Kesempatan kali ini, aku pengen banget bahas sesuatu yang baru aku pahami. Readers, ternyata hidup bukanlah soal bersaing. Hidup memang soal menjadi yany terbaik. Tetapi menjadi yang terbaik ternyata bukanlah soal mengalahkan dan menjadi yang tercepat. Itu beda lagi.
Readers, kita dibesarkan dan dididik di kelas dengan sistem rangking. Sistem yang menurutku sangat membunuh. Berkat sistem itu, kita telah memahami bahwa yang terbaik adalah si nomor 1 dan yang terburuk adalah yang sebaliknya. Akibatnya semuanya berbondong2 menjadi yang terbaik. Saling mengalahkan. Boro2 kerja sama, justru yang ada saling mrngalahkan demi menjadi si nomor 1. Dan ketika berhasil menjadi nomor 1, apa yang terjadi? Apa yang terjadi jika seseorang terus menerus menjadi si nomor 1 dan menyangka dirinya lebih baik dibandingkan orang lain? Apa jadinya? Ia telah terbunuh. Ia akan berjuang sekeras mungkin membawa dirinya selamanya bertahan di puncak. Enggan dan tidak bisa bekerja sama. Tidak terima jika orang lain suatu saat berada di puncak bersamanya atau di puncak lain yg lebih tinggi darinya. Ia ingin menjadi yang terbaik di segala aspek. Parahnya, ia bersedih diatas kemenangan orang lain dan bergembira diatas kesedihan temannya sendiri. Readers, ia telah gagal memahami bagaimana hidup bekerja pada manusia2 seperti kita.
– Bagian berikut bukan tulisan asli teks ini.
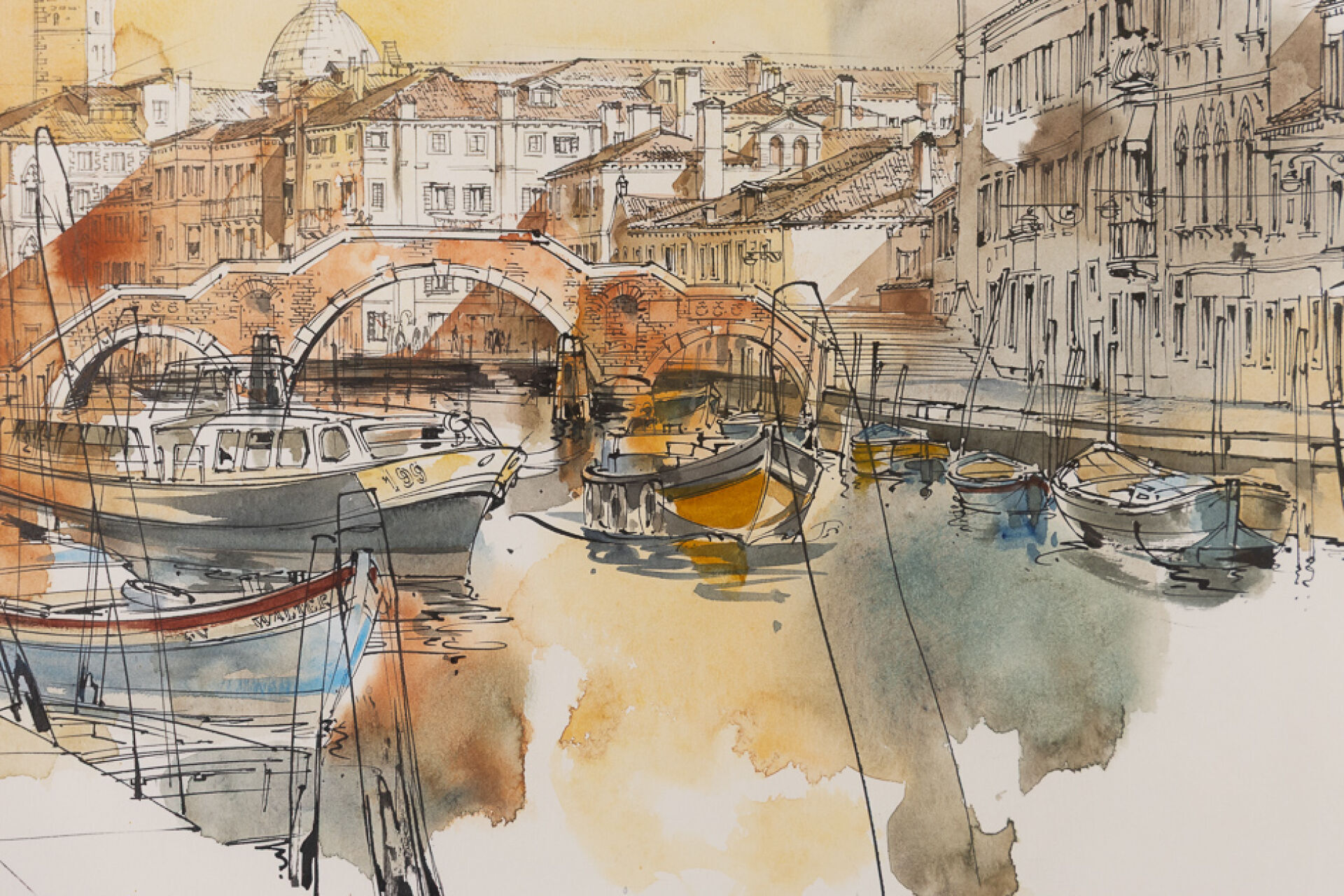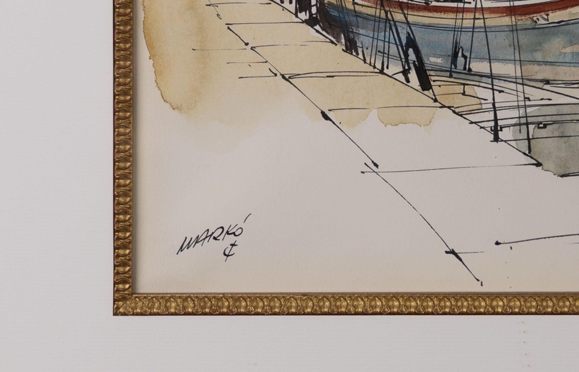 Serge MARKO (1926-2014). Vue des quais de Venise. Dessin à l'encre aquarellé, signé en bas à gauche. Dim. à vue : Long. : 48 cm - Haut. : 31 cm

Di dunia nyata. Di dunia yang sebenarnya kita hadapi. Ketika kita meninggalkan 'sekolah', yang dapat membuat kita menjadi yg terbaik adalah justru dengan bekerja sama. Membantu dan bersinergi dengan orang lain, mengusahakan bersama, berjuang bersama, lalu menang dan senang bersama2 pula. Ah hidup kadang memang seperti ini. Ada yang serba terbalik. Tetapi justru yang terbalik dari yang kita pahami itulah yang benar, yang dijadikan rumus dimana kebanyakan orang tidak memahami dan mengambil jalan yang sebaliknya.
Readers... bersaing ternyata bukan dengan individu lain. Tetapi bersaing dengan diri sendiri, itulah yang benar. Bersaing dengan masa lalu agar kita menjadi sosok yang lebih baik di masa depan. Bersaing dengan nafsu diri sendiri agar kita tetap bertahan pada track yang benar untuk meraih mimpi mimpi kita. Bersaing dengan rasa takut atas kekurangan yang kita miliki dan hal hal yang belum pernah kita lakukan agar kita slalu bergerak menuju ke arah yang kita mau.
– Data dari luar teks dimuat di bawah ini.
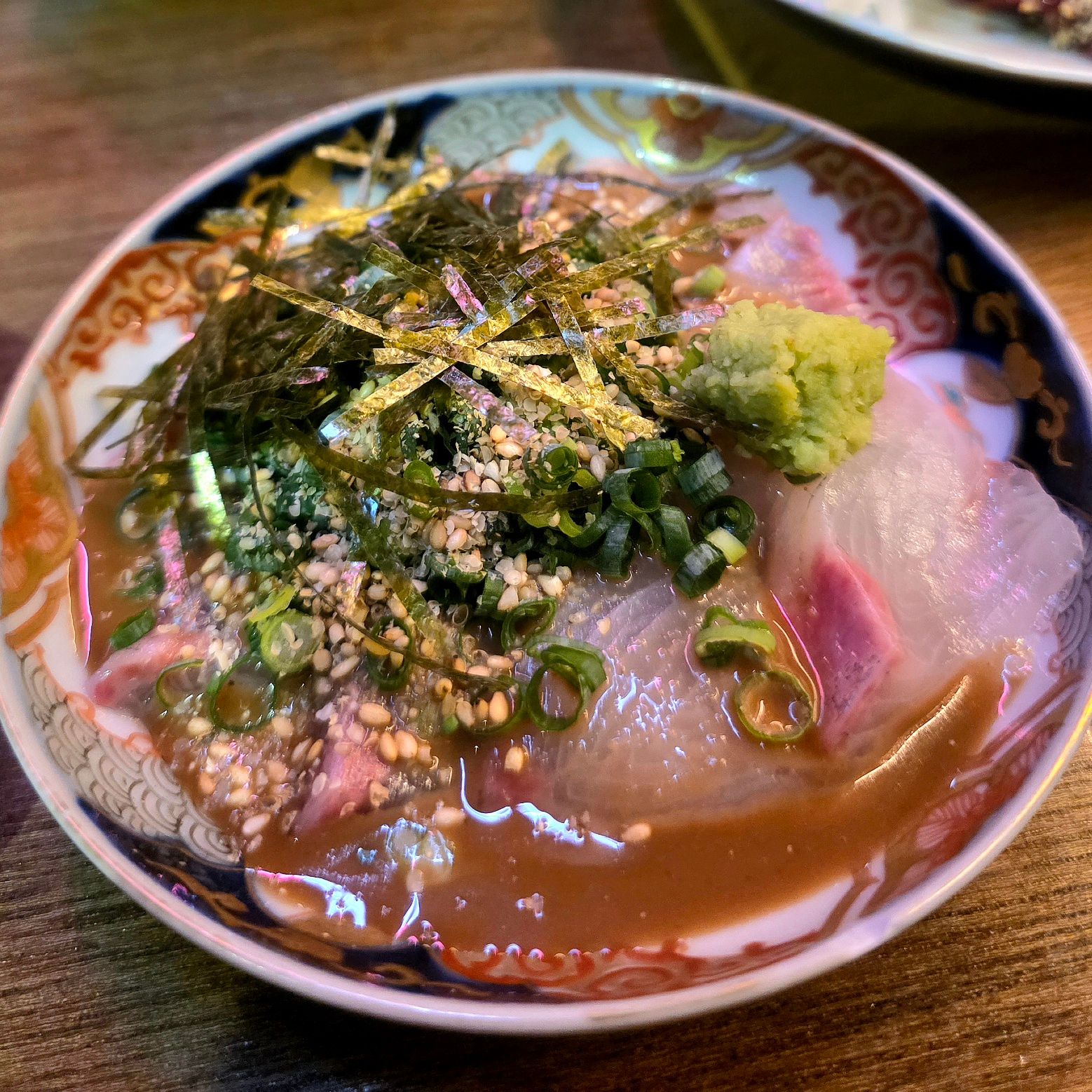 そして「胡麻カンパチ(780円)」。これは胡麻の香りがふわりと立ち、後からカンパチの上品な旨味が追いかけてきます。

Readers. Inilah hidup. Tentu saja Tuhan menciptakan banyak manusia di dunia ini bersama kita bukan untuk menjadi pesaing, tetapi untuk menjadi teman, bekerja sama, dan bahu membahu menggapai impian besar. Ya, hidup terkadang konyol. Manusia membuat sendiri sistem keniscayaannya dan melakukannya turun temurun padahal itu salah dan dapat 'membunuh' diri mereka sendiri. Dan aku tidak ingin menjadi seperti itu.
Readers. Hidup memang hanya sekali. Menjalaninya dengan benar adalah sebuah kewajiban dan anugerah agar tidak merugi. Oh apalah dunia ini? Yang semakin difikirkan semakin tak mudah dipahami. Yang semakin dikejar lari semakin tidak tahu dimana semua ini telah berakhir.
Readers, bukankah ini indah? Ketika kita sangat ingin sesuatu. Kita membayangkannya dan mengharapkannya menjadi nyata kemudian kita menjadi tak berharap banyak namun tetap percaya kebesaranNya. Lantas suatu hari kita tanpa kita nyana, sesuatu itu benar2 terjadi dan menjadi nyata persis sempurna seperti yang kita inginkan. Ya indah bukan? Aku pernah melakukannya. Semoga lain kali aku beruntung bisa melakukannya lagi dan lagi. Mendapatkannya lagi dan lagi. Ah kenapa kita harus bersaing dengan yang lain ketika kita punya Tuhan yang sanggup mewujudkan beribu ribu lebih doa doa? Mengapalah kita ngotot menjadi yg terbaik dari yang lain jika kita tahu bahwa diatas langit selalu ada langit dan langit tertinggi akan selalu Dia? Mengapalah kadang kita selalu dibutakan dalam menginginkan sesuatu padahal apalah hidup ini?